I’d cried my eyes out for a whole afternoon when I’d told them he’d broken my fucking heart.
“It’s fifty million,” I corrected her. “And I haven’t touched it, because if I do, it makes it real. It means I’ve accepted that he’s not coming back, and I’m not ready to do that.”
My vision blurred as hot tears filled my eyes. I took a gulp of red wine and shuddered at the vinegary aftertaste. I was down to the last twenty bucks in my bank account. I couldn’t afford the good stuff. Not unless I drew on the money Rook had left me, and I just couldn’t.
“Honey, it’s been three months without even a text. Maybe it’s time to let him go.
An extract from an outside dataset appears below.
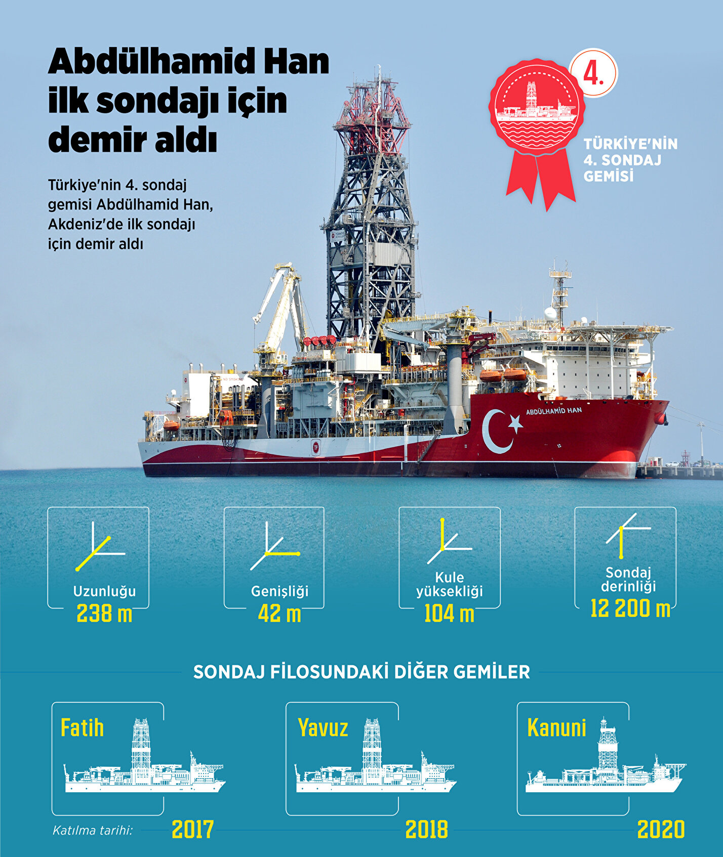 Türkiye'nin 4. sondaj gemisi Abdülhamid Han göreve başlıyor. Cumhurbaşkanı Erdoğan, Abdülhamid Han Sondaj Gemisini ilk görev yerine uğurlama töreninde konuştu. Cumhurbaşkanı Erdoğan, ''Sondaj gemimiz enerji vizyonumuzun göstergesi. 4 sondaj, 2 sismik araştırma gemimizle artık biz de bu alanda varız. Enerjide dışa bağımlılığı kendi kaynaklarımızla çözüyoruz. Deniz altında bir enerji üssü kuruyoruz. Üzeri kapatılmış kuyuları da üretime dahil ediyoruz. Abdülhamid Han gemimizi, yeni sondaj rotamız Akdeniz'e yolcu ediyoruz. Abdülhamid Han gemimizi, yeni sondaj rotamız Akdeniz'e yolcu ediyoruz. Abdülhamid Han sondaj gemimiz, Türkiye'nin enerji alanındaki yeni vizyonunun sembolüdür. 'Abdülhamid Han'ı Yörükler-1 kuyusuna göndereceğiz'' açıklamasında bulundu.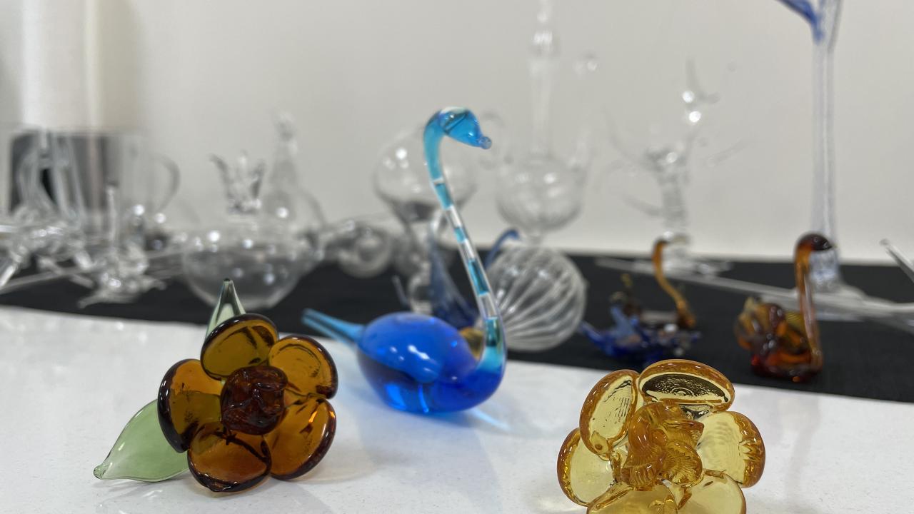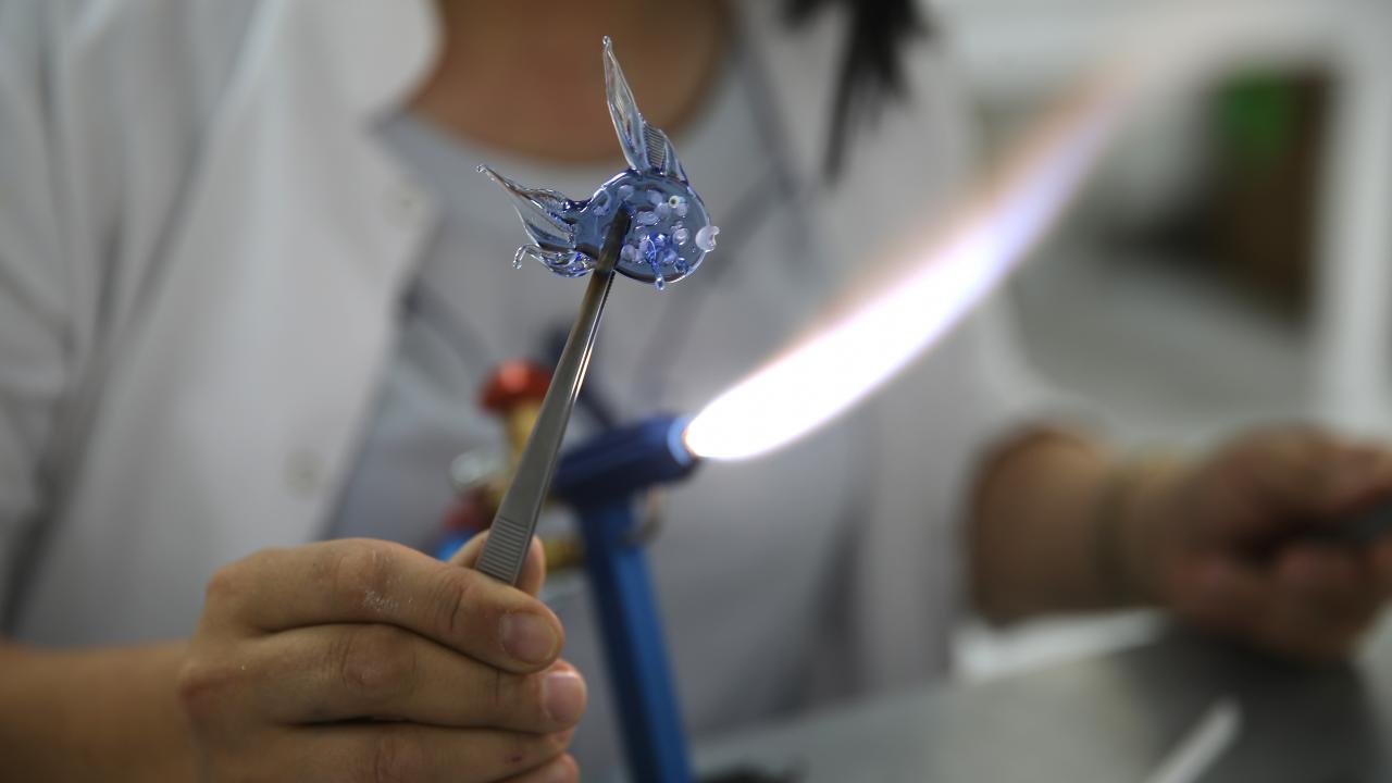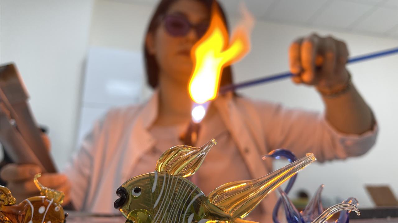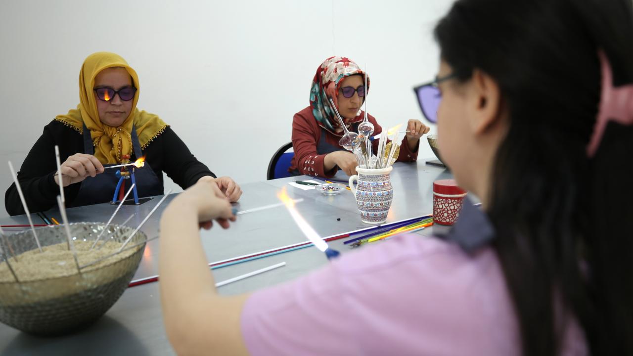 Usta öğretici Döne Aytekin`den cam işlemenin ayrıntılarını öğrenen kadınlar, 1200 derece ısıyla camdan takı, nazar boncuğu, balık, kuş figürleri gibi çeşitli objeler üretiyor.

You need to start living again.”
“I can’t.” I released the bag of cheese and dropped my face into my hands. The tears I’d been holding at bay fell freely. My chest heaved with ragged sobs.
If I didn’t sort myself out soon, the girls would stage an intervention. They’d force me to do everyday things as if I hadn’t had my heart ripped from my chest and stomped on. How was I supposed to pretend everything was fine?
“Here’s what you’re going to do,” Daisy said firmly.
“You’re going to shower. And I don’t mean splash water on your face and spray your armpits with deodorant.
I mean an everything shower. Exfoliate, shave, and for God’s sake, woman, wash your hair.
Twice. Who knows what critters are nesting in there. ”
“Hey!” I snapped.
“I’m not done. Then, you’re going to put on a bucketload of makeup and a slutty dress, one that makes your tits look huge. Wear heels—tall ones. Meet Beth and me at Velvet and Vine in two hours, or I’ll come over there and style you myself.”
A shudder rippled through me. The last time I’d let Daisy help me get ready was prom. My own mother didn’t recognize the redhead in the photos with my date.
“Okay. I’ll come out. Just…don’t expect much from me. I’m not in the business of making miracles happen.”
But spending time with my friends wasn’t a terrible idea. If anyone could breathe life into the corpse I’d become, it was my girls.